Efficiently transpose/explode spark dataframe columns into rows in a new table/dataframe format [pyspark]


How to efficiently explode a pyspark dataframe in this way:

+----+-------+------+------+
| id |sport  |travel| work |
+----+-------+------+------+
| 1  | 0.2   | 0.4  | 0.6  |
+----+-------+------+------+
| 2  | 0.7   | 0.9  | 0.5  |
+----+-------+------+------+

and my desired output is this:

+------+--------+  
| c_id | score  |  
+------+--------+  
| 1    | 0.2    |  
+------+--------+  
| 1    | 0.4    |  
+------+--------+  
| 1    | 0.6    |  
+------+--------+  
| 2    | 0.7    |  
+------+--------+  
| 2    | 0.9    |  
+------+--------+  
| 2    | 0.5    |  
+------+--------+  

Solution

  • First you could put your 3 columns in an array, then arrays_zip them and then explode them and unpack them with .*, then select and rename unzipped column.
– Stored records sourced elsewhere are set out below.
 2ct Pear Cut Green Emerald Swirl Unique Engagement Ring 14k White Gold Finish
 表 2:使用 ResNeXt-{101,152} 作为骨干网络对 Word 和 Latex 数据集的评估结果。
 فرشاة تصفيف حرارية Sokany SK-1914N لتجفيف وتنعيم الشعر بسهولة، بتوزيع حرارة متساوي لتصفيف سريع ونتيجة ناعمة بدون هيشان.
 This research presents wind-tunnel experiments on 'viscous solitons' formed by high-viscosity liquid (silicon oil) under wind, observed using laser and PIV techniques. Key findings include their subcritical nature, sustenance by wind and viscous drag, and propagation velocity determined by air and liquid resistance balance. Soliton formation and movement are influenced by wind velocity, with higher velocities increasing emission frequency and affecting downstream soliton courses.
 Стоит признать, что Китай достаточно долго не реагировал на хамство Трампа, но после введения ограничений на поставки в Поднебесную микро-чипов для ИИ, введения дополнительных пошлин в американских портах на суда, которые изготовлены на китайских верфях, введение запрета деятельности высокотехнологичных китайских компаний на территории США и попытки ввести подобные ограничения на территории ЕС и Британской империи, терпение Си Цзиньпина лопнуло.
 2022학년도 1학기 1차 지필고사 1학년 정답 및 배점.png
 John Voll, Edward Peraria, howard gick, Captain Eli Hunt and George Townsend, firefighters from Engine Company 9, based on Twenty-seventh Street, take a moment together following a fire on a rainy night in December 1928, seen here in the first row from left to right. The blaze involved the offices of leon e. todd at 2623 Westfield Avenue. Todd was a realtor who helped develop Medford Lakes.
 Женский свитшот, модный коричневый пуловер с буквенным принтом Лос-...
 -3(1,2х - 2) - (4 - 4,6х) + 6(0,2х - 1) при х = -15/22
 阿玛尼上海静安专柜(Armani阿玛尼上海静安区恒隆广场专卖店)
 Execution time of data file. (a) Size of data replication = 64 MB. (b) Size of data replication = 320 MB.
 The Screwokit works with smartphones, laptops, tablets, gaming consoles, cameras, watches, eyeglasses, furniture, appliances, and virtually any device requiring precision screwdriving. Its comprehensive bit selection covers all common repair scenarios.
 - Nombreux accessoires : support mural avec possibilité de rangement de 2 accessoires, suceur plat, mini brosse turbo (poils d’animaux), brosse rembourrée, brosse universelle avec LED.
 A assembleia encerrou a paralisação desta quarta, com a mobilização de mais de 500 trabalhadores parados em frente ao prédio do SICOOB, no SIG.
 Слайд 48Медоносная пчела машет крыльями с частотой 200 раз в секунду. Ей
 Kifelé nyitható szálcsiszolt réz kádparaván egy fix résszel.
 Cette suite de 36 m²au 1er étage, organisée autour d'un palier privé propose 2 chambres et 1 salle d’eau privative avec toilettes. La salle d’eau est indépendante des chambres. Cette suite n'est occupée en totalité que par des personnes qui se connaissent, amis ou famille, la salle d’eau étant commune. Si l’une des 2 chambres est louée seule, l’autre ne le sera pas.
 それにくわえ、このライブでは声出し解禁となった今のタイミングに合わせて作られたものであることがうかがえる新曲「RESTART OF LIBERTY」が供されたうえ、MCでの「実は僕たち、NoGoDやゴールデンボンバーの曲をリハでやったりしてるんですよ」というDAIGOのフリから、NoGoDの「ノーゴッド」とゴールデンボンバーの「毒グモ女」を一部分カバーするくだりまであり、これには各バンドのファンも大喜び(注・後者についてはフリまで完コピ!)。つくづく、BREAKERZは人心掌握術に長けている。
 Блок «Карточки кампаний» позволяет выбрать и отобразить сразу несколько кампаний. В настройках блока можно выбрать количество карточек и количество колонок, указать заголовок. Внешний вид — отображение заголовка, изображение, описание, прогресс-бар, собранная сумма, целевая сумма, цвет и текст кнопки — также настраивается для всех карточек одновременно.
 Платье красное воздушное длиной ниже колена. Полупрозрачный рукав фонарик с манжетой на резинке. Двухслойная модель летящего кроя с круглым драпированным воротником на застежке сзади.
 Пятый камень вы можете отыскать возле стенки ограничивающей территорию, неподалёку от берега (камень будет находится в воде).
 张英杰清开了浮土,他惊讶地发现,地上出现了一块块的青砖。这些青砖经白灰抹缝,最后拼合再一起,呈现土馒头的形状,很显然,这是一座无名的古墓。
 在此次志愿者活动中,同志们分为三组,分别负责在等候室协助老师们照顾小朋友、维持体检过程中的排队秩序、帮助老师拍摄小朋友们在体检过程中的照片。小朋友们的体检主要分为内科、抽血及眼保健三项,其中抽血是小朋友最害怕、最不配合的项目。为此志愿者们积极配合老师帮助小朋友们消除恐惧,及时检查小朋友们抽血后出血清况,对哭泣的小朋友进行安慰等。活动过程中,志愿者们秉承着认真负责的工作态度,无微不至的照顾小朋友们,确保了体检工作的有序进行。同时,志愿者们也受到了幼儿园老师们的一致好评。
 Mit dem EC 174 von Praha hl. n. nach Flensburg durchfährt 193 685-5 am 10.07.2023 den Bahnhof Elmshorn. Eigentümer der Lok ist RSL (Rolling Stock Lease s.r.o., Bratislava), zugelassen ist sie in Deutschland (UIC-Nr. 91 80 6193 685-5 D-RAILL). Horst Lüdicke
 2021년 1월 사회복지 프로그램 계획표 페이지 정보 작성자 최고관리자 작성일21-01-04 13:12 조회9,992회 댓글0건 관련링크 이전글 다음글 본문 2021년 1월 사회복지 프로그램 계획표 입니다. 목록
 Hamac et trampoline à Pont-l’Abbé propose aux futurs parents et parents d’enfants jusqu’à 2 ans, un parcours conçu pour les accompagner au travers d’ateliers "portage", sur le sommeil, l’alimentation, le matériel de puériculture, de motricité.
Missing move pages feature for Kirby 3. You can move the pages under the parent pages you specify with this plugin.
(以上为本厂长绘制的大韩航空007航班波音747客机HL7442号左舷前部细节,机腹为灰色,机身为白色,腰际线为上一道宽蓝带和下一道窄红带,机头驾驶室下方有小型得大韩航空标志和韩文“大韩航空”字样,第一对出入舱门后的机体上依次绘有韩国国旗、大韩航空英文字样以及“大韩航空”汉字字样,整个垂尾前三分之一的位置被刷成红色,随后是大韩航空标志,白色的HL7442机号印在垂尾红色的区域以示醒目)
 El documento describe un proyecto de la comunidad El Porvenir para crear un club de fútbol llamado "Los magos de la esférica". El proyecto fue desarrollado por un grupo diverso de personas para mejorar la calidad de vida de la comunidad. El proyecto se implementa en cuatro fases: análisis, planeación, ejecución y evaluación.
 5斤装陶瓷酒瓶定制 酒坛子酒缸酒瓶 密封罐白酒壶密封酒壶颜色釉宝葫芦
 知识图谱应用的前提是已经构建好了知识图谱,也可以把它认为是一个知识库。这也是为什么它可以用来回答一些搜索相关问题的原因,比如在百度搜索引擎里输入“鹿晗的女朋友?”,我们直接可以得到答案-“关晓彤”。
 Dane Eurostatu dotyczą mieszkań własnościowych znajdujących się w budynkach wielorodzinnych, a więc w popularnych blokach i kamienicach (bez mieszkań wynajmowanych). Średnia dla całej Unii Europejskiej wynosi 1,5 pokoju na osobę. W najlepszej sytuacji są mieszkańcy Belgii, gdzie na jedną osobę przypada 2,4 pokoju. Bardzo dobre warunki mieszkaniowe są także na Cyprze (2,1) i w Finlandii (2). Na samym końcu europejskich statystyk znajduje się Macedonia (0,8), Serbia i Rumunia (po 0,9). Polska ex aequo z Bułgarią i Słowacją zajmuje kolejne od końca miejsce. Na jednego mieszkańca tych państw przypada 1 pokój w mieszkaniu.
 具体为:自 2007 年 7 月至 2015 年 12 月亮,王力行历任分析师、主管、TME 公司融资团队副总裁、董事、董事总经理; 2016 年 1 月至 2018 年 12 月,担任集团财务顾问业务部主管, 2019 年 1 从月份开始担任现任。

    df.withColumn("zip", F.explode(F.arrays_zip(F.array("sport","travel","work"))))\
      .select("id", F.col("zip.*")).withColumnRenamed("0","score").show()
    
    +---+-----+
    | id|score|
    +---+-----+
    |  1|  0.2|
    |  1|  0.4|
    |  1|  0.6|
    |  2|  0.7|
    |  2|  0.9|
    |  2|  0.5|
    +---+-----+
    

    You can also do this without arrays_zip(as mentioned by cPak). Arrays_zip is used for combining arrays in different dataframe columns to struct form, so that you can explode all of them together, and then select with .* . For this case you could just use:

    df.withColumn("score", F.explode((F.array(*(x for x in df.columns if x!="id"))))).select("id","score").show()